* _TASK GOAL_
Exactly reproduce the lines of the listing below from the one containing "Układ funkcjonalny budynku: Kondygnacja" through the one containing "Congress leader Partap". Skip the images.

* _RECORDS FOR PROCESSING_
=== Section Start ===

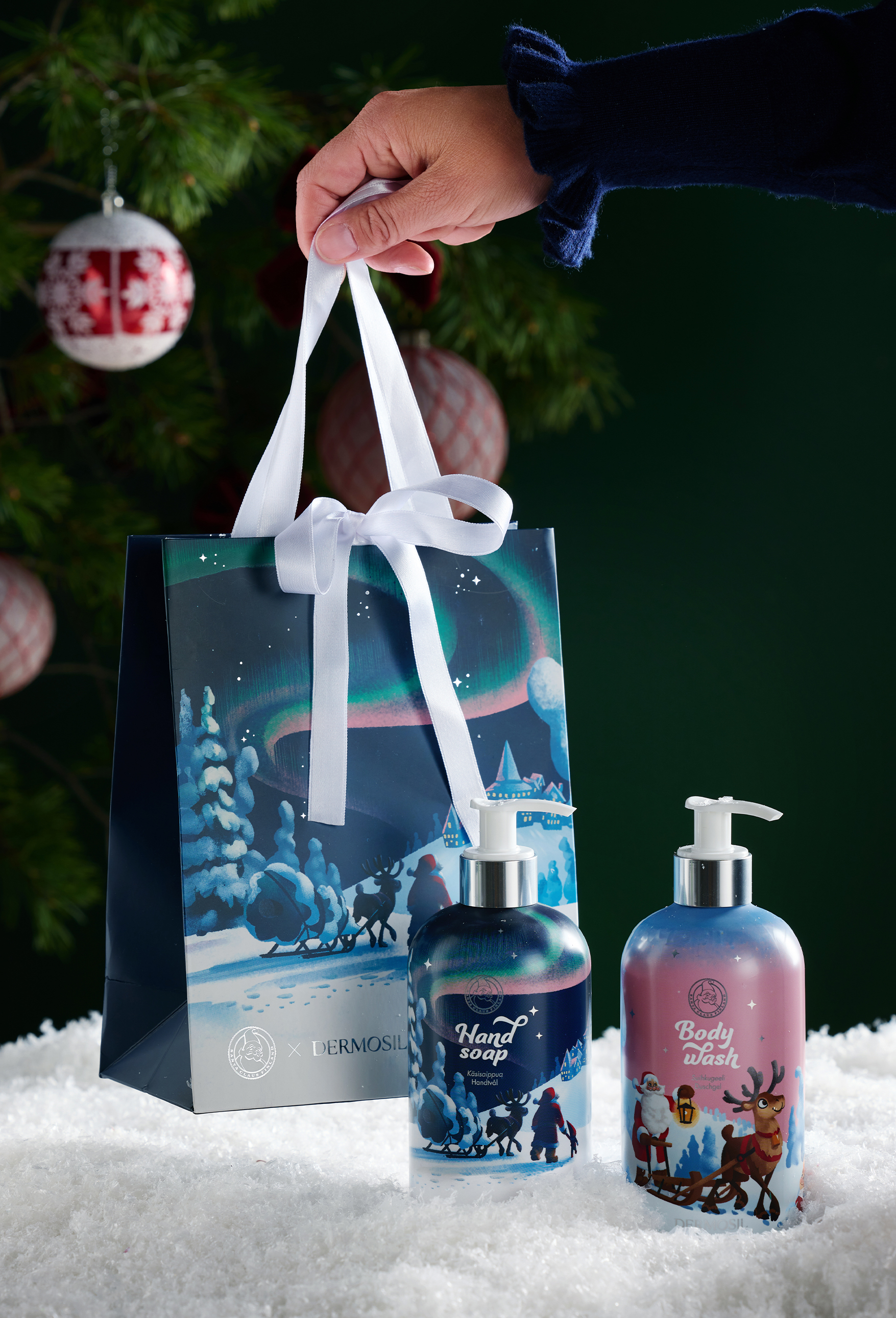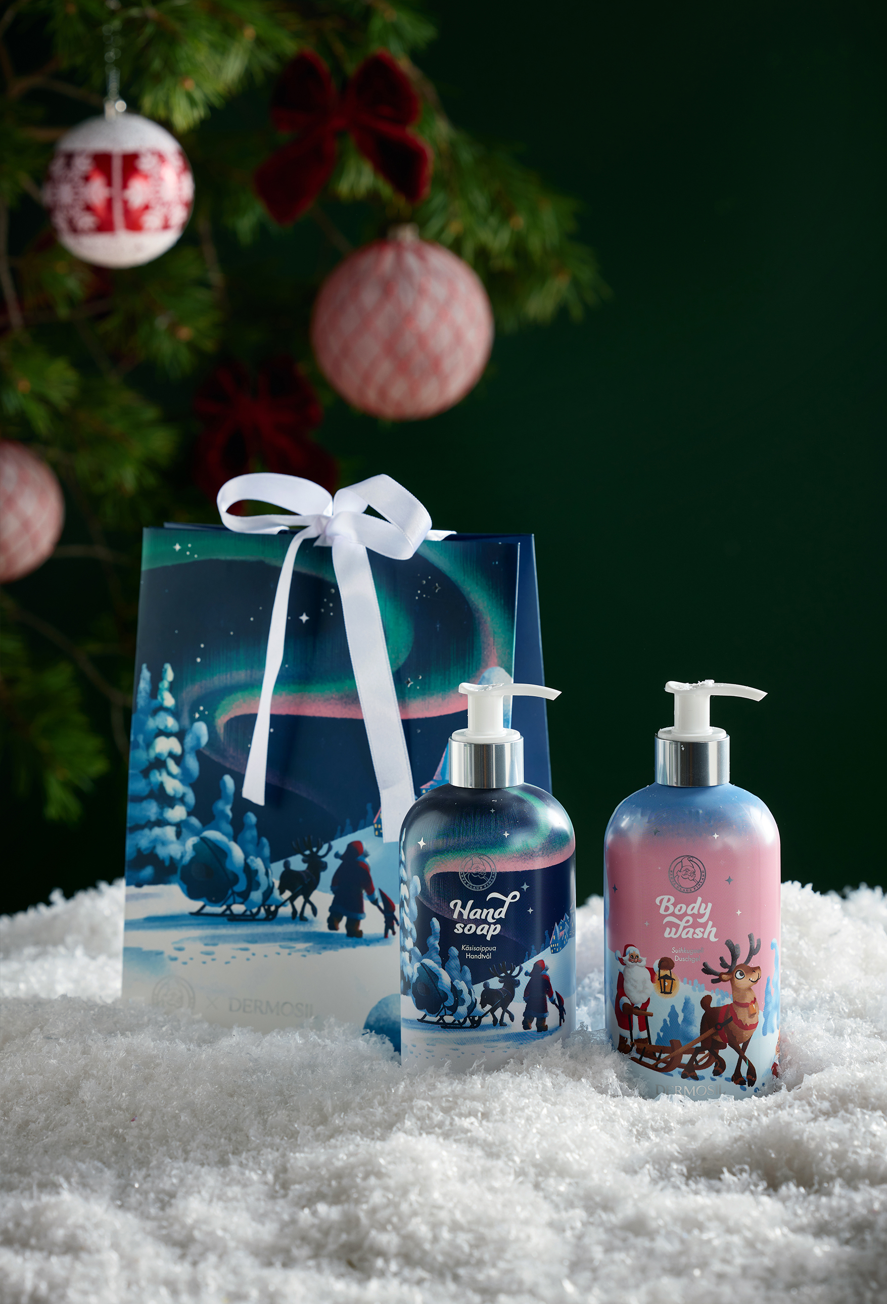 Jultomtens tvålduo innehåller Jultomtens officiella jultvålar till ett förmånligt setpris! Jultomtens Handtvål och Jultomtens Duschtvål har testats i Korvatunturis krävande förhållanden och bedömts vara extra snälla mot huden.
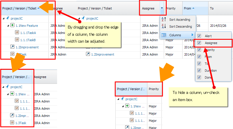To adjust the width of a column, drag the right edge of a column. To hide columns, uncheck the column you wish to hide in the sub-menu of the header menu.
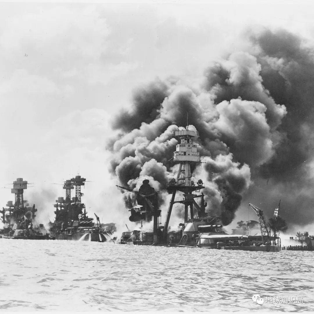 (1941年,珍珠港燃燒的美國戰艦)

=== Section End ===
=== Section Start ===

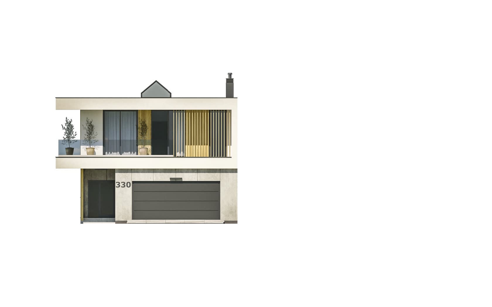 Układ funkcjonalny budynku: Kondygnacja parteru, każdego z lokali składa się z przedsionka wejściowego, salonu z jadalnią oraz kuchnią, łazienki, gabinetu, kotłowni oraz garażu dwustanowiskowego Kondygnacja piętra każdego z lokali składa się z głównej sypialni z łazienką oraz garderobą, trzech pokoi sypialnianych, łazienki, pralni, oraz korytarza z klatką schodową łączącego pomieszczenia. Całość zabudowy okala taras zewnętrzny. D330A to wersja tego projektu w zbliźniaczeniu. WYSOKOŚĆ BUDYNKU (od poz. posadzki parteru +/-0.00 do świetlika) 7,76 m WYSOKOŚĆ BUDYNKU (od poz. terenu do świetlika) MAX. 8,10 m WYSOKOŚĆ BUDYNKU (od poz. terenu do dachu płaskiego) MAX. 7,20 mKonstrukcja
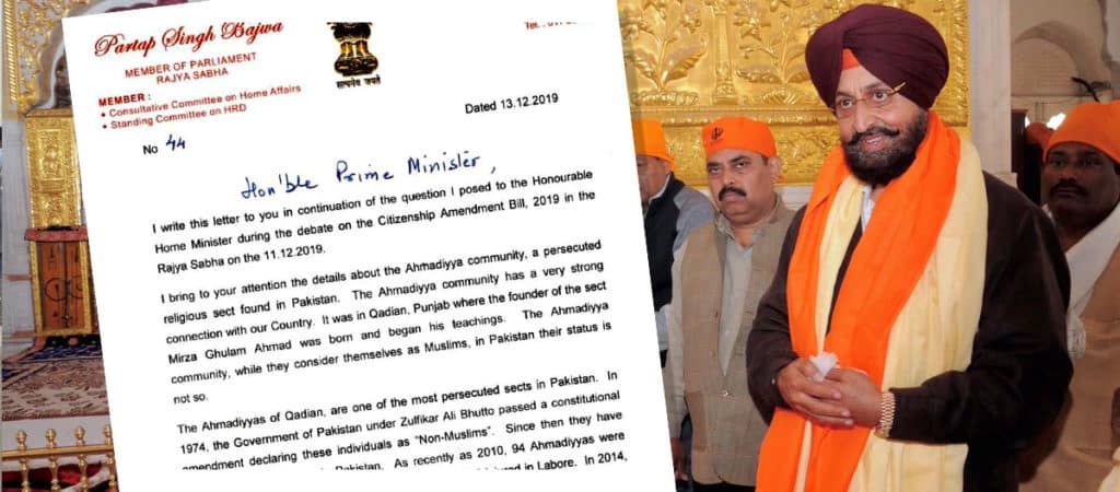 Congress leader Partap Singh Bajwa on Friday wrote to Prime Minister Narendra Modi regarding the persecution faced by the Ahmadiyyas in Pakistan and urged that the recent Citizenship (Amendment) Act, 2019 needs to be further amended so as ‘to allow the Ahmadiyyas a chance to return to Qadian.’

=== Section End ===

* _TASK OUTPUT_
 Układ funkcjonalny budynku: Kondygnacja parteru, każdego z lokali składa się z przedsionka wejściowego, salonu z jadalnią oraz kuchnią, łazienki, gabinetu, kotłowni oraz garażu dwustanowiskowego Kondygnacja piętra każdego z lokali składa się z głównej sypialni z łazienką oraz garderobą, trzech pokoi sypialnianych, łazienki, pralni, oraz korytarza z klatką schodową łączącego pomieszczenia. Całość zabudowy okala taras zewnętrzny. D330A to wersja tego projektu w zbliźniaczeniu. WYSOKOŚĆ BUDYNKU (od poz. posadzki parteru +/-0.00 do świetlika) 7,76 m WYSOKOŚĆ BUDYNKU (od poz. terenu do świetlika) MAX. 8,10 m WYSOKOŚĆ BUDYNKU (od poz. terenu do dachu płaskiego) MAX. 7,20 mKonstrukcja
 Congress leader Partap Singh Bajwa on Friday wrote to Prime Minister Narendra Modi regarding the persecution faced by the Ahmadiyyas in Pakistan and urged that the recent Citizenship (Amendment) Act, 2019 needs to be further amended so as ‘to allow the Ahmadiyyas a chance to return to Qadian.’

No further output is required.